General Legislation --
CITES listing Appendix II. (B107.w8)
Red-data book listing
  • Endangered A2acd+4acd ver 3.1, published 2012 (compared with Least Concern, 2004 and 2008, and Vulnerable, 2009). In the last three generations (45 years), threats including habitat loss and illegal removal of birds and eggs have resulted in very rapid population declines. (W2.Nov2013.w2)

    • Population in 2004 estimated to be 50,000 - 64,000 individuals and continuing to decline. Largest remaining populations are thought to be (2004 data) in Kenya (17,000 - 20,000 individuals, Uganda (13,0000 - 20,000 individuals), DRC (maybe 5,000 individuals) and South Africa (4,000 - 5,0000 individuals), with very rapid declines of populations being experienced in e.g. Kenya, Uganda, Zimbabwe and Namibia; possibly stable or increasing n South Africa. (W2.Nov2013.w2)

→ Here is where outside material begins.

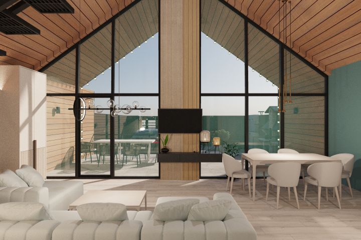 Визуализация гостинной-студии в барнхаусе

  • (For comparison: Least Concern (assessed 2004), with a large range (estimated global range 3,900,000 km²) and a large population estimated at 58,000-77,000 individuals (2002 data); "Global population trends have not been quantified, but the species is not believed to approach the thresholds for the population decline criterion of the IUCN Red List (i.e., declining more than 30% in ten years or three generations). For these reasons, the species is evaluated as Least Concern." (W2.Dec06.w15))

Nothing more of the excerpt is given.